Jokertown Shuffle
Zelda didn't change expression. She merely leaned back, still smiling, and threw a side kick that snapped Loeffler's neck. His body hitting the floor was the only sound in the room. Veronica thought of the carnage in the bank and Hannah's swinging corpse. She thought she might pass out. She made herself kneel next to Loweffler's body and reach for a pulse in his throat.
Zelda slapped her hands away. "He's dead. Trust me."
"Jesus," Veronica said.
"Sorry," Zelda said without conviction. " I wasn't thinking."
"Zelda, for Christ's sake," someone said.
"You really are a loose cannon," Toni said.
Nobody but Veronica seemed particularly shocked or upset. Nancy looked at Veronica and said, "Uh-oh. Trouble." Toni took Veronica's hand and pulled her to her feet. "Give me your room key. We take care of this. You get across the street and catch a train home. Can you do that?" Veronica nodded.
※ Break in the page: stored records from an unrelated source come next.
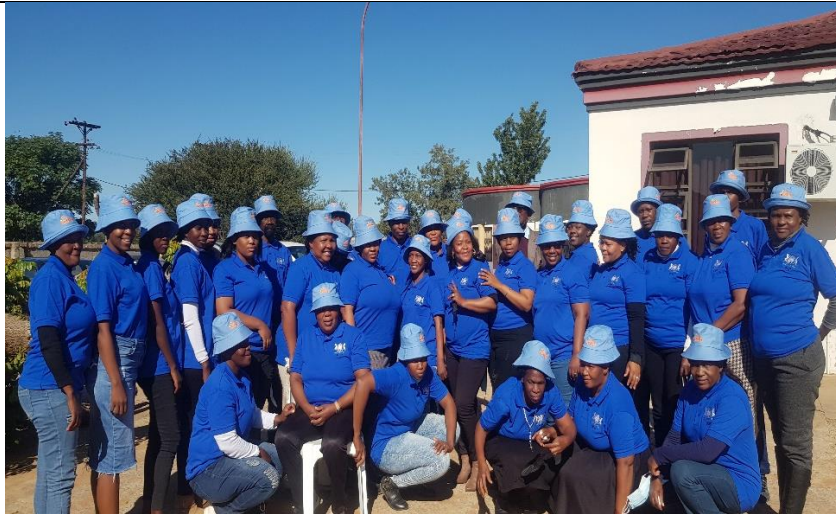
Facilitators in Gabane village

Trainee facilitators in the 2 new villages included social workers, pastors, ward headmen, teachers, various community committee members, police officers (gender affairs unit), parents and a foster parent.
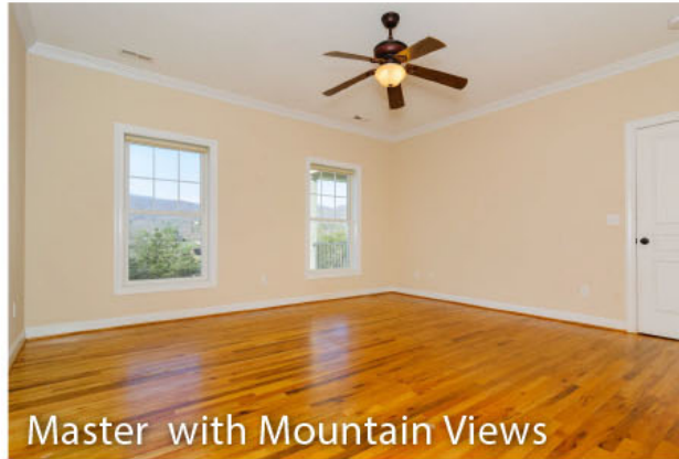
Master with Mountain Views
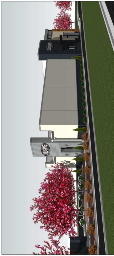
ARCHITECTURAL RENDERING - NORTHEAST VIEW 3
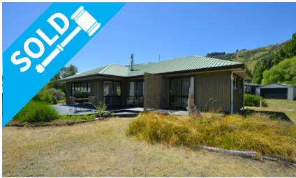
14a Rue de la Mar, LE BONS BAY $585,000
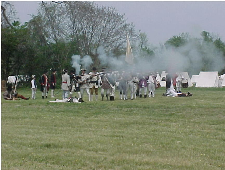
Virginia Militia defending Petersburg during the city's annual reenactment of the Battle of Petersburg, Virginia. City of Petersburg.
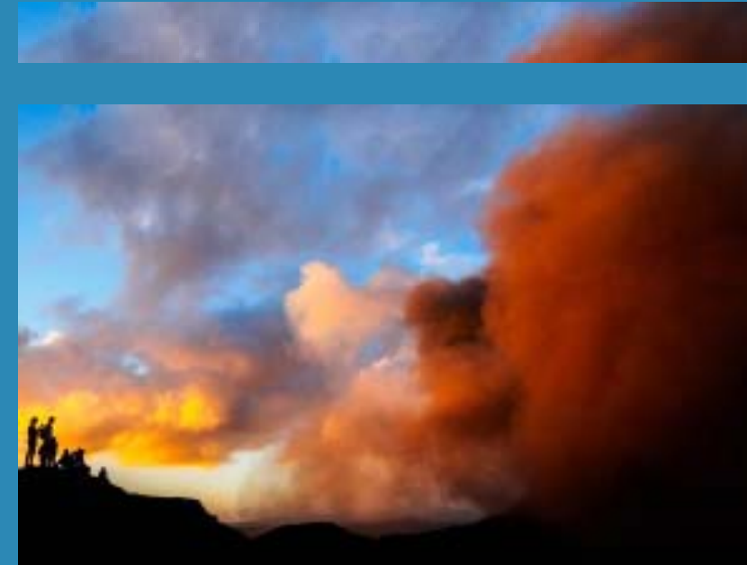
Mount Yasur active volcano

The tax haven of Vanuatu provides excellent offshore banking and banking services to private individuals and corporations. Vanuatu offshore banking centre is very active with numerous banks having received license to provide offshore banking services. Vanuatu has a number of international banks' branches and agents providing services to the public. As a tax haven Vanuatu offshore bank accounts pay no taxes on interests earned.

"Shit," Toni said. "Nancy, you go with her. We handle this."
After they were out of the city, somewhere around Forest Hills, Nancy said: "Are you okay?"
"It's so weird. It's like… like it was all a dream or something."
"That's right," Nancy said. "That's all it was. Just a dream."
It was all over TV the next day. Loeffler's body was found in an alley near Penn Station, apparently the victim of a robbery.
That evening, Nancy came up to tell her they were in the clear. "You don't need to know how they did it," Nancy said. She seemed radiant with success. "But they got him out, and there's nothing to connect us with him at all."
"Doesn't it bother you?" Veronica asked. "That he's dead?"
"Look, I'm not crazy about violence either. But you have to remember. The guy was scum. With him dead, his daughter takes over GF amp;G. It becomes a women's corporation, and that's going to make things better for women everywhere." Veronica remembered Loeffler's childlike energy, the way he threw himself into sex with unrestrained enjoyment. She remembered the flowers he'd always brought her, his sense of humor. "I guess," she said.
The next Saturday, one of the women brought in photos of Zelda and Loeffler that she'd printed up herself at work. They were passed around to much laughter and admiration.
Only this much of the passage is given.